10.04.2008

Tom Englehardt on the economic crisis

Having briefly reviewed the recent carnage on Wall Street, Englehardt concludes with the thought that

If there's a bright side to any of this [the economic crisis], then maybe it's that, after more than 50 years of relative immunity from criticism, Wall Street is again the street Americans love to hate; so Steve Fraser, right now, everyone's expert on Wall Street's grim history and author of the indispensable book, Wall Street: America's Dream Palace, tells us in his latest piece, "The Specter of Wall Street." He writes: "For well more than half a century Wall Street has enjoyed a remarkable political immunity, but matters were not always like that. Now, with history marching forward in seven league boots, we are about to revisit a time when the Street functioned as the country's lightning rod, attracting its deepest animosities and most passionate desires for economic justice and democracy."

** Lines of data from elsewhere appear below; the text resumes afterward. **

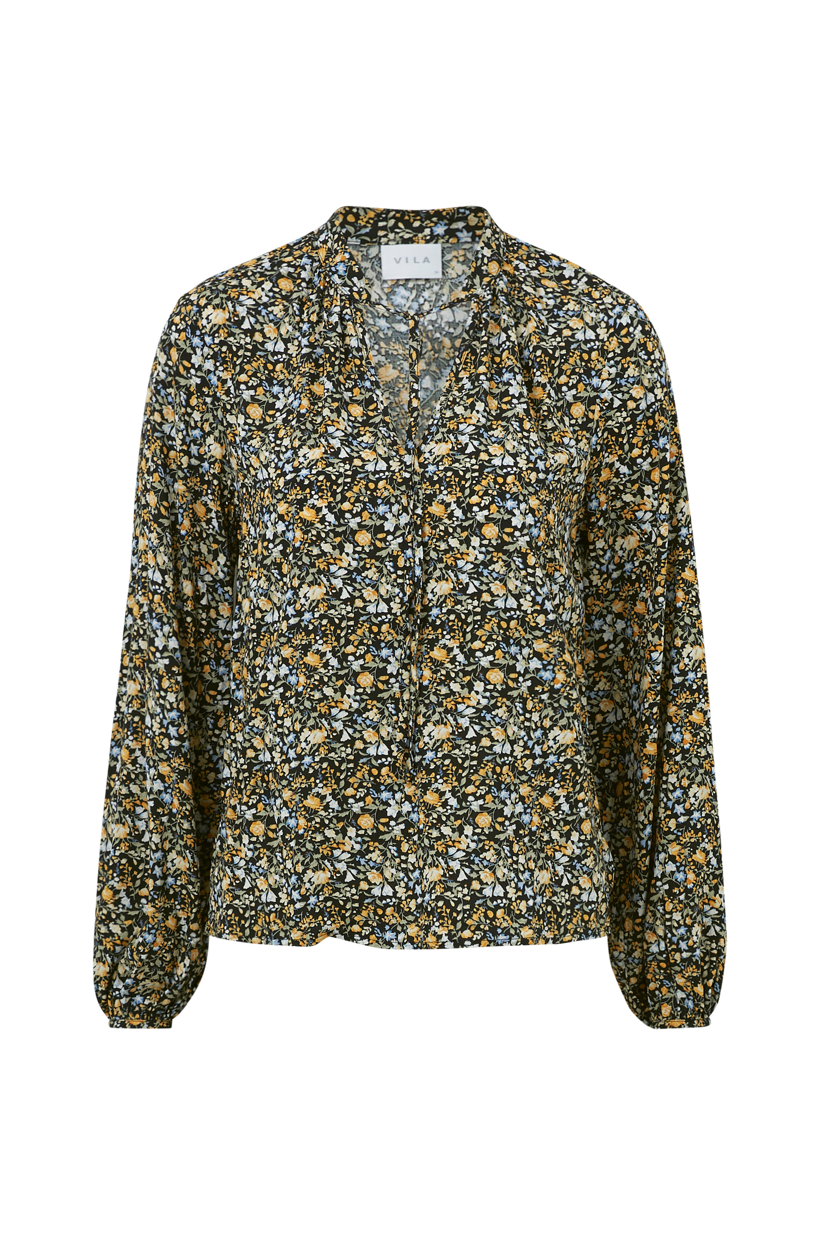 viTendi Tullam L/S Top. Bluse i lige model med rund hals som har påsyet kant med rynkning og V-udskæring foran med smalt bindebånd. Langt, ekstra vidt ærme med smal kant i ærmekant.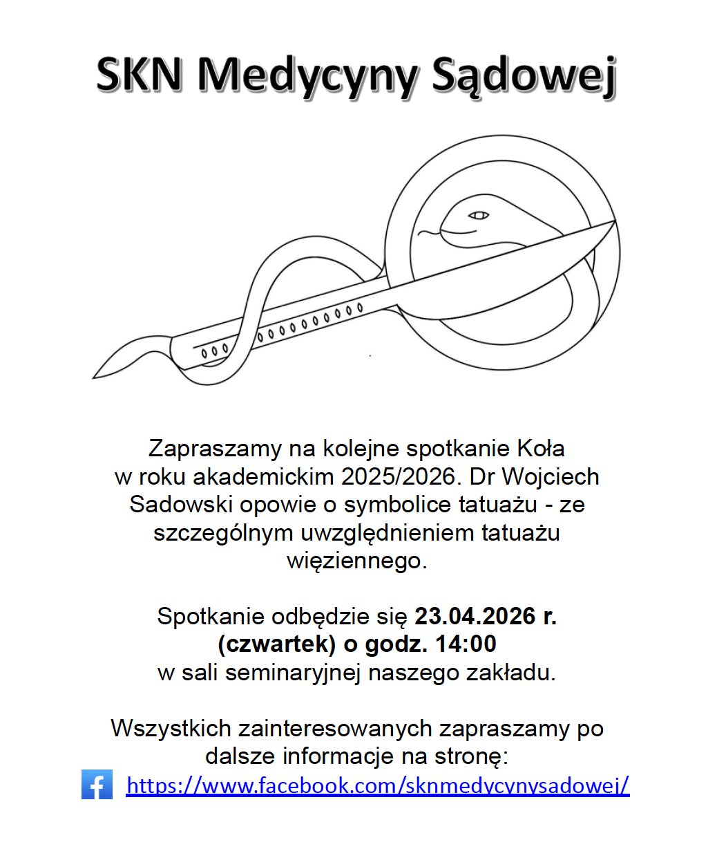 Wszystkie osoby zainteresowane działalnością naukową w polu medycyny sądowej i chętne do działalności w Kole proszone są o kontakt z Zakładem.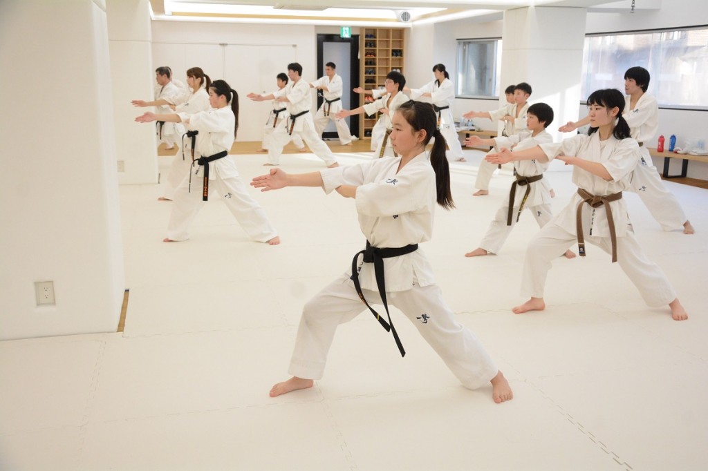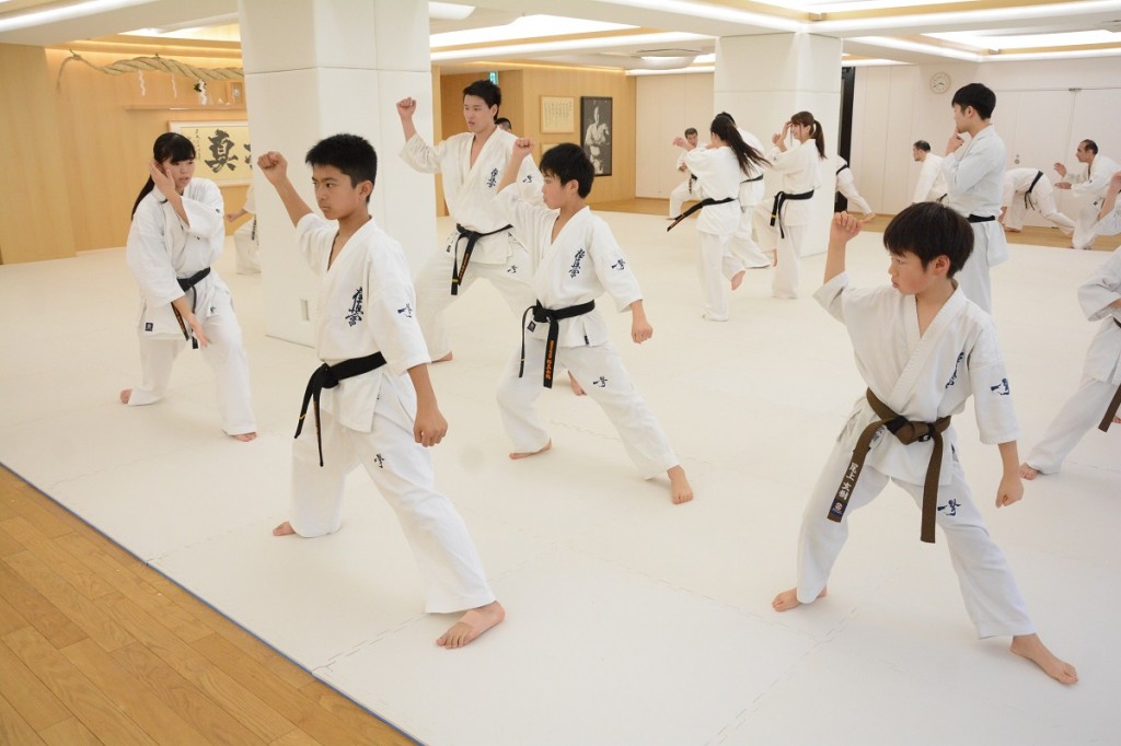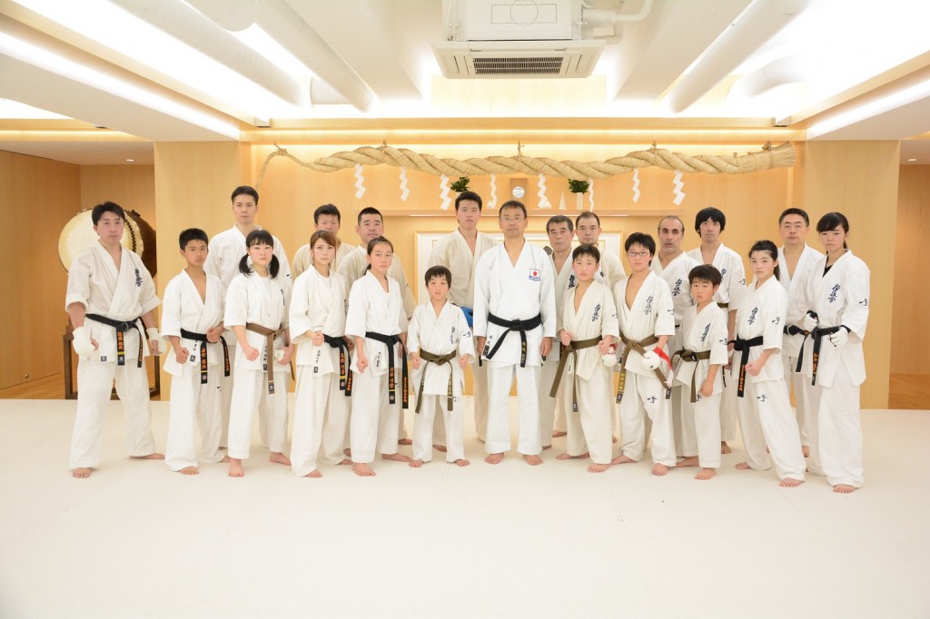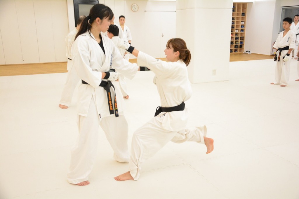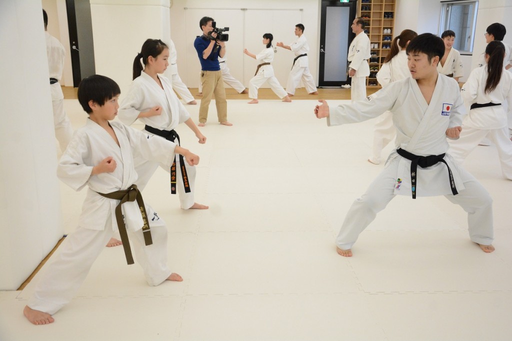 そして今回初めて上段突きを含む突きでの試合形式の組手が行われ、世界ウェイト制日本代表の上田幹雄を筆頭に講習生がそれぞれ組手稽古を体験した。先生からは「腰を引いた状態で小手先だけで突きを打ってもポイントになりません。自分の腰を相手の腰にぶつけるつもりで踏み込み、しっかり形を作って突きを打ち込み、打ったら素早く引くこと」と注意があった。先生は「大きく声を出して気合いを入れることも有効な技です。大きな声を出すことで技も活きてくる」と話し、最後に一本突きの打ち込みを行ってこの日の稽古は終了した。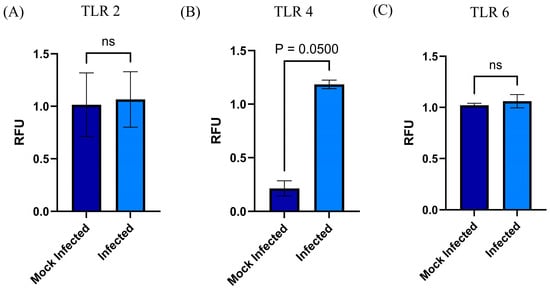 Changes in the expression of TLRs by MSC during RSV infection. The mRNA expressions of (A) TLR 2, (B) TRL 4, and (C) TLR 6 were analyzed by RT-qPCR with the MyGo Mini System. The analysis was performed in RSV-infected MSC-PLs. Mean values were tested for significance using the Mann–Whitney test. All results were considered significant when p ≤ 0.05, ns (not statistically significant). The mock-infected cells were analyzed in parallel.

Meanwhile, perhaps it's time to remember the catastrophic Argentinean national collapse and bankruptcy of 2001-2002, and to try to imagine what in the world any faintly similar set of events might mean when transposed to the world's "sole superpower." Here's one change to expect from the present financial chaos: When the next president of the United States looks "over the horizon," he's likely to see a world without a reigning superpower and, when he thinks about "the next war" (as they like to say in the Pentagon), the good news is that he may not have the money to pay for it.

The Reagan era — from a conscious and loudly publicized choice of guns over butter to a situation in which Americans will have neither guns nor butter.